Everything we can see in the schematic could have been generated from a teardown as you mentioned. Not sure what "certain consumers" you're referring to - I imagine the schematics would help repair shops most in knowing what test points to diagnose and what components are involved.
Huawei, Xiaomi, et al. don't need Apple's schematics. They have plenty of design engineers of their own, and can't access Apple's chips anyway. The parts that do use market-available chips don't have any critical details that might take away Apple's edge.
HTC built up the required R&D and supplier-structure in China then, years before they put their own logo on the first device.
The remaining gap was the lack in experience on mobile platform/UX design and localization, something Microsoft wasn't very experienced themselves. But Google came to the rescue with Android, so Chinese vendors just had to study the UX on other devices and rebuild them in Android...
The schematics are basically "here's a black-box SoC and here are the data lines connecting it to a black-box camera module". The magic of the iPhone are the black-box chips and their firmware, not the traces on the PCB.
About the most useful thing you're getting out of this are capacitor values, which are easy to measure either way.

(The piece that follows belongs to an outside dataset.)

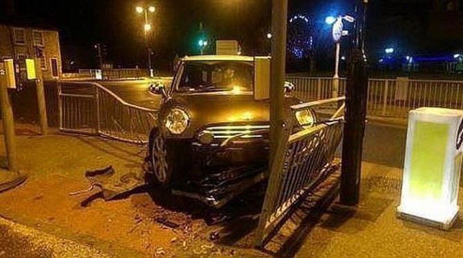 Según cuentan en The Telegraph, el conductor, que estaba ebrio y que conducía un Mini Cooper, atravesó las vallas metálicas que separaban la calzada de la zona habilitada para peatones y se empotró contra una farola.

Things used to be different 2-3 decades ago, but nowadays, most commodity PCBs are exceptionally boring - it's mostly just digital signal routing and some power-related stuff.
My mom's Samsung phone suddenly failed to charge a year ago, but in a weird way. Tried some tricks but it ended up getting stuck on a black screen during boot.
I handed it to a repair shop in town that had good reviews. Three days later they called back. I asked what was wrong, and it turned out they had to replace one charging chip, a power sequencing chip and a third chip I can't recall the purpose of, along with the USB port. The reason it took so long was they got a bit further for each chip they swapped.
I'm in Norway where prices are high, and we have a 25% VAT on top. I paid $180 including VAT, or $144 before VAT.
For that I might have gotten a very cheap Android phone on sale, however my mom's phone was a premium model from a few years earlier. Besides, less e-waste and saved me time reinstalling everything. Personally I think the repair was well worth it.
There's discussion here in Norway to drop VAT on repair jobs such as this, and in that case I think it would definitely make sense to repair such cases.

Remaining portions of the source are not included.